Итака замкнулась, съежилась в своем древнем молчании; жители бодрствовали, сидя в домах или под открытым небом, ошеломленные невероятными событиями на Кефаллинии, о которых повсюду рассказывал приехавший из Сами тамошний моряк. Они передавали друг другу эти новости, еще отказываясь верить, когда увидели, что на побережье Святой Ефимии вспыхнул огонь, озаривший пустынный берег и море, темные текучие воды пролива, на которых заиграли зловещие черно-белые отблески.
Жители Занте и Святой Мавры тоже увидели огни, которые зажглись по всей Кефаллинии. Когда все костры разгорелись и звезды над силуэтом острова побледнели, людям на Итаке, на Занте, на Святой Мавре показалось, что Кефаллиния — уже не остров, неподвижно стоящий на якоре своих скал, а большой пассажирский пароход, плывущий по ночному морю с огнями на борту. Не устроили ли немцы праздник, торжествуя свою победу, или еще что-нибудь?
«Что они делают? — спрашивали они себя в страхе и недоумении. — Что они там затеяли?»
Те же мысли приходили к жителям Кефаллинии. Сидя по домам, у открытых окон, они следили за передвижениями немецких войск, прислушивались к окрикам, голосам, к эху шагов, отдававшихся по мостовой поселков и удалявшихся по дорогам, к топоту копыт и гулу машин. Они видели, как солдаты шныряли взад и вперед в темноте с какими-то вязанками за спиной; но при первых же языках пламени силуэты солдат обрисовывались четко и ясно: они метались как безумные, подливая в огонь бензина из канистр, чтобы он лучше разгорелся. Потом солдаты ушли, унося с собой пустые канистры; медленно проследовали верховые патрули, высокие и черные на фоне костров.
«Они жгут итальянских солдат, — говорили жители. — Они их расстреляли, а теперь жгут, чтобы их нельзя было найти, чтоб никто ничего не узнал».
Исчезли и верховые патрули, наблюдавшие за кострами; цокот лошадиных копыт затих вдали, по дороге к солдатским лагерям. В ночной тишине, не оглашаемой более гулом пушек, стрельбой, воем немецких самолетов, в первой тихой ночи после начала битвы люди слушали сухое, веселое потрескивание пламени.
Народ стал поодиночке выходить из домов; мужчины и женщины нерешительно шли на огонь, освещавший им путь. Они шли не дорогами и тропинками, а через поля, по сухой и твердой земле, выжженной летней засухой, через леса и оливковые рощи. Немногие итальянские солдаты, кому удалось укрыться в крестьянских домах, тоже вышли вместе с жителями; они были ошеломлены тем, что снова оказались среди живых людей, могли идти, бежать, ощущать под ногами землю, видеть над головой небо, полное звезд, и эти огни, сверкавшие меж деревьев и казавшиеся издали такими красивыми.

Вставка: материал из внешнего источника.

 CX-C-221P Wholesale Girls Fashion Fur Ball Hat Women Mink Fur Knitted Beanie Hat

Они спускались в ущелья, в овраги, по мере их приближения треск пламени становился все сильнее и, утратив веселость, превратился в глухой гул, в долгое стонущее завывание. На них пахнуло терпким чадом бензина и керосина, смешанного со свежим духом горящей смолы, сосны, оливковых веток. Но здесь было и что-то другое, они это чувствовали, какое-то зловоние примешивалось к запаху керосина и жженого дерева, внося в него особую, тошнотворную сладость.

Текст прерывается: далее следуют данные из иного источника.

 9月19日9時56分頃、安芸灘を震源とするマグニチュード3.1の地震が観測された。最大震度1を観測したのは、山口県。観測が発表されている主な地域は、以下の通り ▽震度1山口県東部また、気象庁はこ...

У костра было светло как днем, языки пламени озаряли местность на много метров вокруг; огонь вставал подвижной плотной массой, охватывавшей все новые и новые трупы. Они лежали в самых странных и нелепых позах, на спине или ничком, руки раскинуты, вытянуты по бокам, сложены на груди; головы склонены к плечу или закинуты назад. В широко раскрытых пустых глазах играли отсветы пляшущего пламени.
На них смотрели мужчины и женщины Кефаллинии, крестьяне и крестьянки, моряки, рыбаки, лесорубы; смотрели и немногие солдаты дивизии, спасшиеся от расстрела и плена. Долгое время они стояли неподвижно на краю освещенной зоны, спрашивая себя, сколько же трупов здесь, в этом пылающем перед ними костре, скольких из них они знали, со сколькими разговаривали; сколько друзей убито и сожжено. Или вовсе ни о чем не думали и как завороженные смотрели на огонь.

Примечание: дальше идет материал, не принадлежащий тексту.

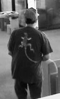 Pictured top: A bank robbery suspect receives an undetermined amount of cash during a Wednesday robbery of the Bank of America on East Nine Mile Road. Pictured inset: The man was wearing a shirt with a lizard design on the back. Pictured below: The man waits for the teller to read a note. Screen shots from surveillance video provided by the Escambia County County Sheriff’s Office for NorthEscambia.com, click to enlarge.
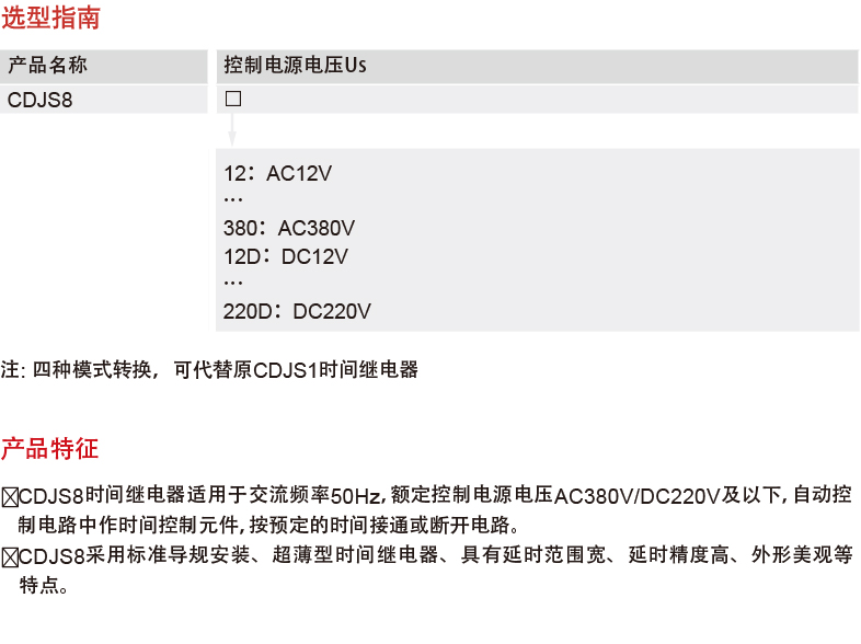 It is used in the AC 50Hz automatic control circuit with a rated control power supply voltage AC380V and below and a rated control power supply DC voltage DC220V and below as a time control element to connect or disconnect circuits according to the predetermined time.

Потом люди постепенно стали подходить к телам, которых еще не охватило пламя; они вытаскивали их, как могли, взваливали на плечи, или несли вдвоем, за ноги и за руки, клали на тачки — если были тачки. Каждый отходил от немецкого костра, унося тело, чтобы спасти его от уничтожения; с трудом тащили они мертвецов вверх по склону холма, ища место, подходящее для погребения. Насть трупов сложили в горных пещерах, в сырых гротах, где со стен сочилась вода; часть спрятали в водоемах на полях и виноградниках; часть похоронили в больших братских могилах.
Жители и уцелевшие солдаты копали могилы до первых проблесков зари; безостановочно спускались и поднимались они от костра к братской могиле, от костра к водоему, к гроту, пока небо над Занте не посветлело. Тогда, боясь, что горные стрелки и патрули снова покажутся на дорогах, они ушли и заперлись в домах.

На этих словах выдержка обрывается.